> _Supplied material_:
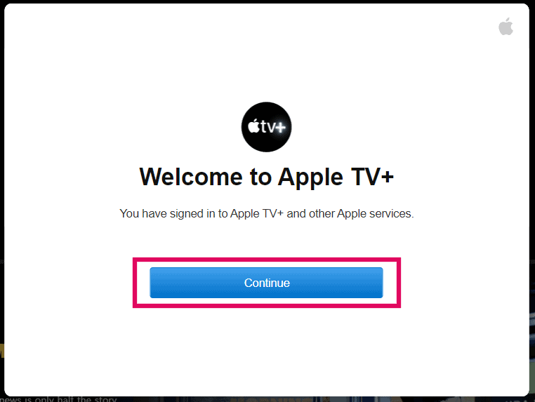 If you get a “Confirm subscription” pop-up, click “Confirm” again. Then you’ll get the “Welcome to TV+” screen, hit the “Continue” button.
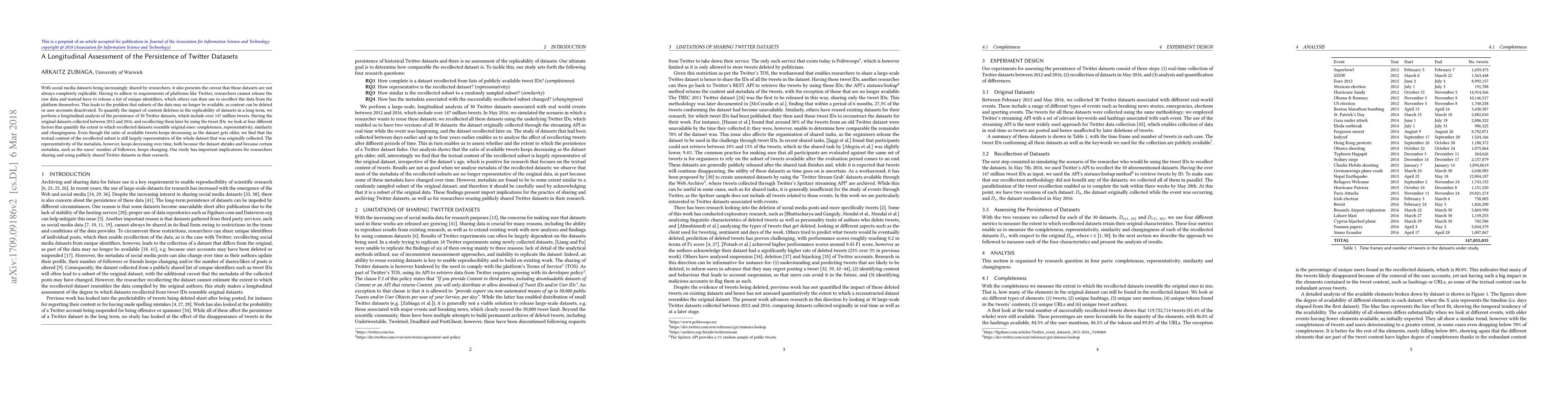 With social media datasets being increasingly shared by researchers, it also presents the caveat that those datasets are not always completely replicable. Having to adhere to requirements of platforms like Twitter, researchers cannot release the raw data and instead have to release a list of unique identifiers, which others can then use to recollect the data from the platform themselves. This leads to the problem that subsets of the data may no longer be available, as content can be deleted or user accounts deactivated. To quantify the impact of content deletion in the replicability of datasets in a long term, we perform a longitudinal analysis of the persistence of 30 Twitter datasets, which include over 147 million tweets. Having the original datasets collected between 2012 and 2016, and recollecting them later by using the tweet IDs, we look at four different factors that quantify the extent to which recollected datasets resemble original ones: completeness, representativity, similarity and changingness. Even though the ratio of available tweets keeps decreasing as the dataset gets older, we find that the textual content of the recollected subset is still largely representative of the whole dataset that was originally collected. The representativity of the metadata, however, keeps decreasing over time, both because the dataset shrinks and because certain metadata, such as the users' number of followers, keeps changing. Our study has important implications for researchers sharing and using publicly shared Twitter datasets in their research.
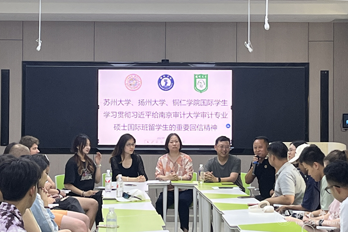 7月6日下午,在世界杯官网参加2023年“知行贵州”丝绸之路中外青年交流活动的苏州大学、扬州大学和世界杯官网32名中外师生集体学习了习近平总书记给南京审计大学留学生回信的精神,并围绕在铜仁交流实践的感想和收获开展了热烈讨论。
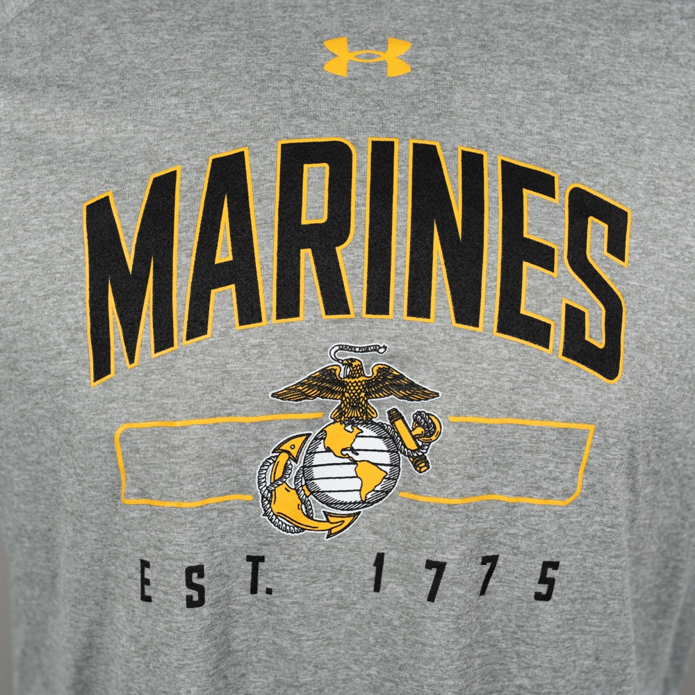 The UA Tech Short Sleeve Tee in Heather Grey is more than just a t-shirt; it’s a powerful expression of your patriotism and unwavering support for the United States and its heroes. This shirt features the word “Marines” prominently printed across the front in bold letters and the Eagle, Globe and Anchor, encapsulating the honor, courage, and commitment that the Marine Corps represents.

> _What is required_:
Where the line holding "7月6日下午,在世界杯官网参" appears, start copying, and continue exactly through the last line of the listing, both ends included, skipping the pictures.

> _Your response_:
 7月6日下午,在世界杯官网参加2023年“知行贵州”丝绸之路中外青年交流活动的苏州大学、扬州大学和世界杯官网32名中外师生集体学习了习近平总书记给南京审计大学留学生回信的精神,并围绕在铜仁交流实践的感想和收获开展了热烈讨论。
 The UA Tech Short Sleeve Tee in Heather Grey is more than just a t-shirt; it’s a powerful expression of your patriotism and unwavering support for the United States and its heroes. This shirt features the word “Marines” prominently printed across the front in bold letters and the Eagle, Globe and Anchor, encapsulating the honor, courage, and commitment that the Marine Corps represents.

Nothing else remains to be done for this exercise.